As it get's colder, people gladly reach for new coats, boots and scarves, and for a while the cold feels like a novelty, and red noses and cheeks flushed with chill are endearing. The first morning I saw my breath I shivered with excitement and was glad for my new multi coloured mittens as I crunched purposefully over the first sprinkling of frost on the grass. The delicate dusting of frost is not the only beauty nature offers us in November. She also gives as the rusts, reds and russets of autumn, the leaves turning before they drop off the trees and cushion the pavement in a rustling carpet. The colours are a show I missed out on live in the wonderful but steady climate of Durban for most of my life. Now the foliage fills me with wonder as I whizz past it on busses and trains, and I find myself picking up fallen leaves on my way home, and finding them crushed and crumpled days letter in my pockets.
November air carries the non threatening scent of gun powder as fireworks light up the skies in flares of celebration. This year it threatened rain, as usual, but people turned out in hoardes on Clapham Common for an impressive show. My brother Rory laughed as I Oohed and Aahed at the pops and bangs. Fireworks fill me with that wonder that gets harder to hold onto the older you get. They are magical, and incomprehensible for an artistic soul like myself who has no knowledge of the endless possibilities of Chemistry.

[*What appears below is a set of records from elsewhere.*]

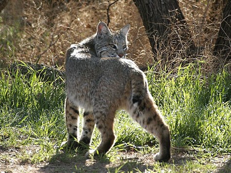 “The reclusive bobcat is active largely at night, although they frequently leave cover and begin hunting long before sundown. In hilly country, their presence can often be detected by their habit of dropping their feces on large rocks on promontories or ridges. Also, like the mountain lion, the males make scrapes–small piles of leaves, sticks, and so forth on which they urinate–along their travel routes, but these scrapes are smaller. Mock scrapes can be used against these animals for persons interested in trapping bobcat.
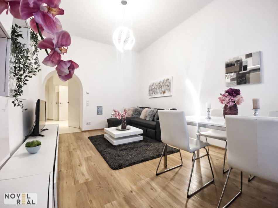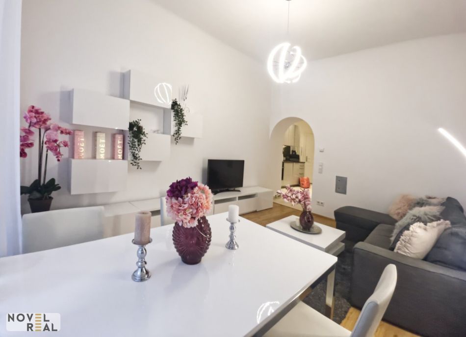 Aber nicht nur die Lage, auch die Ausstattung der Wohnung wird Sie begeistern. Sie ist hochwertig saniert, begeistert mit moderner, zeitloser Küche, Badezimmer mit Wanne, Duschabtrennung und Waschmaschine, Schlafzimmer mit Doppelbett und großem Schiebetürschrank, Wohnzimmer mit Couch, Couchtisch, Wandverbau mit Smart TV, Esstisch mit Sesseln. Selbst Designer-Lampen und Vorhänge gibt es.
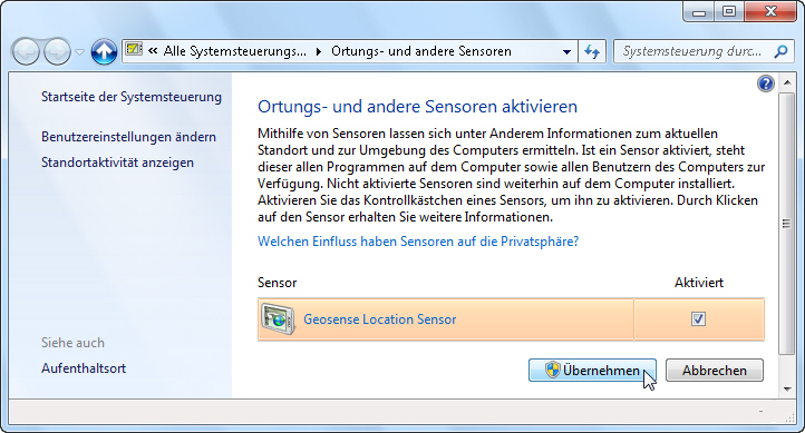 Laden Sie nun die Geosense-Software herunter. Wählen Sie dabei die passende 32-Bit- oder 64-Bit-Version für Ihr Windows 7. Führen Sie die heruntergeladene Datei dann einfach aus, um das Programm zu installieren. Werfen Sie anschließend einen Blick in das Modul Ortungs- und andere Sensoren in der Systemsteuerung. Endlich gibt es hier etwas zu sehen. Wichtig: Aktivieren Sie den Sensor, indem Sie das Häkchen bei Aktiviert setzen und anschließend auf Übernehmen klicken. Erst jetzt ist der Sensor auch aktiv.

And so, I love November - despite the corporate crappiness of early onset Christmas, with every coffee chain printing red ribbons on their cups and stores exploding in tinsel in early October, I am still somewhat entranced by the twinkly lights adorning Oxford Street and Regent Street. I look forward to the mulled wine and mince pies and mistletoe that accompanies this beginning of winter, and despite the cold I am glad I live in London.